Tuesday, July 6, 2010

Last Call

Been a while since I've talked about the commercial real estate market, but that's only because the residential one is so horrible still.  The commercial one however continues to collapse.
Office vacancies in the U.S. rose to the highest level since 1993 in the second quarter as the sluggish economic recovery damps demand from corporate tenants, Reis Inc. said in a report.

The vacancy rate climbed to 17.4 percent from 16 percent a year earlier and 17.3 percent in the first quarter, the New York-based research company said today in a statement.

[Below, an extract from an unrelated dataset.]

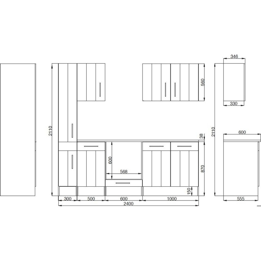 Diese Miniküche ist ein wahres Raumwunder, das mit einer Breite von 240 cm, einer Höhe von 211 cm und einer Tiefe von 60 cm optimal in kleinere Räume passt. Ausgestattet mit einem Backofen, einer Beleuchtung und einem Geschirrspüler bietet sie alles, was Sie für das Kochen und Reinigen benötigen. Zudem ist sie mit einer Ab- und Überlaufgarnitur ausgestattet, was den Komfort beim Kochen erhöht.
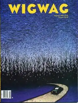 Founded by Alexander "Lex" Kaplen, who worked at The New Yorker, Wigwag eschewed celebrity coverage in favor of personal and literary writing. A test issue was put on newsstands in the summer of 1988, and the magazine formally debuted in October 1989. The magazine attracted writers such as Peter Matthiessen, Terry McMillan, Garry Wills, Alex Heard, Sousa Jamba and Nancy Franklin, but despite a circulation of 120,000, and despite being financially successful, ceased publication when the Gulf War broke out in 1991 and the economy entered a recession. It published its last issue in February 1991. In its brief lifetime it reached a circulation of close to 200,000[1] and became a brand name signifying family-feeling and an appreciation of the qualities of non-metropolitan America.

Effective rents, the amount tenants actually pay landlords, fell 5.7 percent from a year earlier and 0.9 percent from the previous three months, according to Reis.
That's staggering.  More than one in six office spaces in this country are vacant right now.  There is nothing that indicates that this will improve anytime soon and more than enough evidence to assume that this may jump to 19 or 20% soon.  Rents are down big time because of the oversupply...so why are these office spaces empty?

We built too many of them during the housing boom, simple.  Same goes for hotels...and even apartment vacancies are up now, people are trading down from condos to good apartments, from good apartments to decent ones, from decent apartments to lousy ones, and from lousy ones to the couch in Mom's basement...or worse.

The deflationary death spiral continues unabated.